Exercise instructions: Copy nothing past the line containing "You get a super". Transcribe every line of the listing below up to and including it, from the first, except pictures.

Stored data:
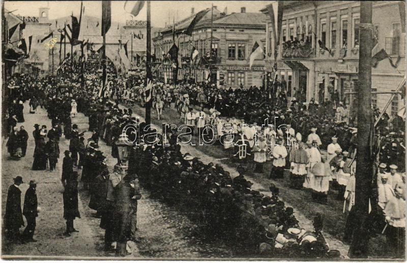 1906 Kassa, Kosice; A temetési szertartást végző főpapok Kassán 1906. október 29-én II. Rákóczi Ferenc és bujdosó társai hamvainak hazahozatala és újratemetése alkalmából. Nyulászi Béla kiadása / funeral (reburial) ceremony of Rákóczi and his companion (EK)
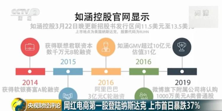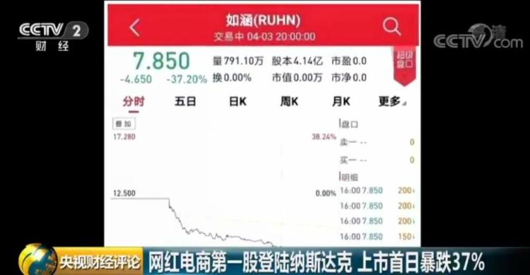 北京时间2019年4月3日晚间,国内网红电商第一股如涵(股票代码“RUHN”)在美国纳斯达克挂牌上市。被网友戏称为颜值终于变成了市值。
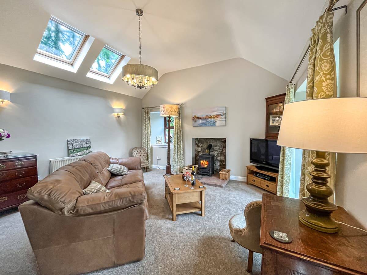 You get a super king bed. The bathroom has a separate shower and a bath. There's a wood burner in the sitting room and French doors out to the garden. The view from the garden is all fields and sky. Good sunrises.
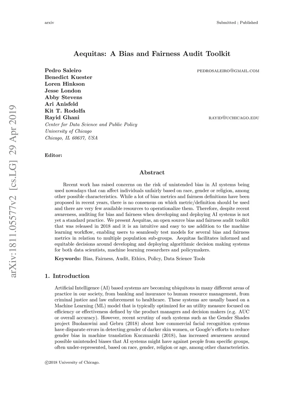 Recent work has raised concerns on the risk of unintended bias in AI systems being used nowadays that can affect individuals unfairly based on race, gender or religion, among other possible characteristics. While a lot of bias metrics and fairness definitions have been proposed in recent years, there is no consensus on which metric/definition should be used and there are very few available resources to operationalize them. Therefore, despite recent awareness, auditing for bias and fairness when developing and deploying AI systems is not yet a standard practice. We present Aequitas, an open source bias and fairness audit toolkit that is an intuitive and easy to use addition to the machine learning workflow, enabling users to seamlessly test models for several bias and fairness metrics in relation to multiple population sub-groups. Aequitas facilitates informed and equitable decisions around developing and deploying algorithmic decision making systems for both data scientists, machine learning researchers and policymakers.
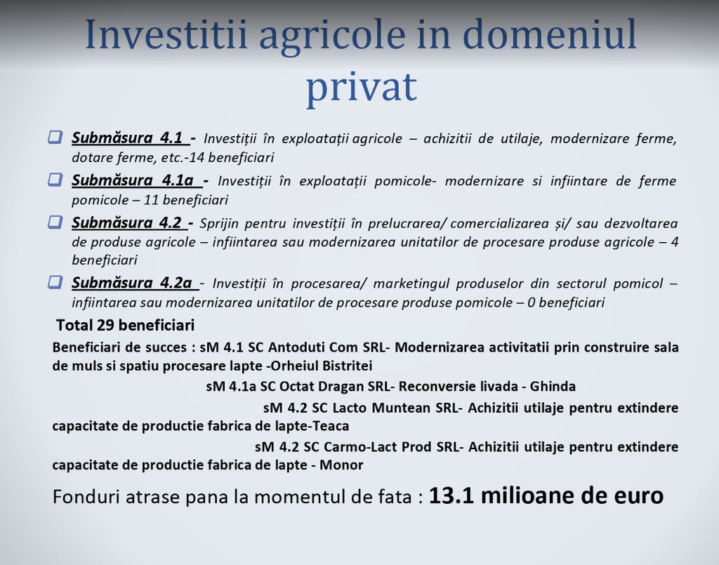 În achiziții de utilaje, modernizare de ferme, în exploatații pomicole și în unități de procesare s-au investit 13,1 milioane de euro.

Response:
 1906 Kassa, Kosice; A temetési szertartást végző főpapok Kassán 1906. október 29-én II. Rákóczi Ferenc és bujdosó társai hamvainak hazahozatala és újratemetése alkalmából. Nyulászi Béla kiadása / funeral (reburial) ceremony of Rákóczi and his companion (EK)
 北京时间2019年4月3日晚间,国内网红电商第一股如涵(股票代码“RUHN”)在美国纳斯达克挂牌上市。被网友戏称为颜值终于变成了市值。
 You get a super king bed. The bathroom has a separate shower and a bath. There's a wood burner in the sitting room and French doors out to the garden. The view from the garden is all fields and sky. Good sunrises.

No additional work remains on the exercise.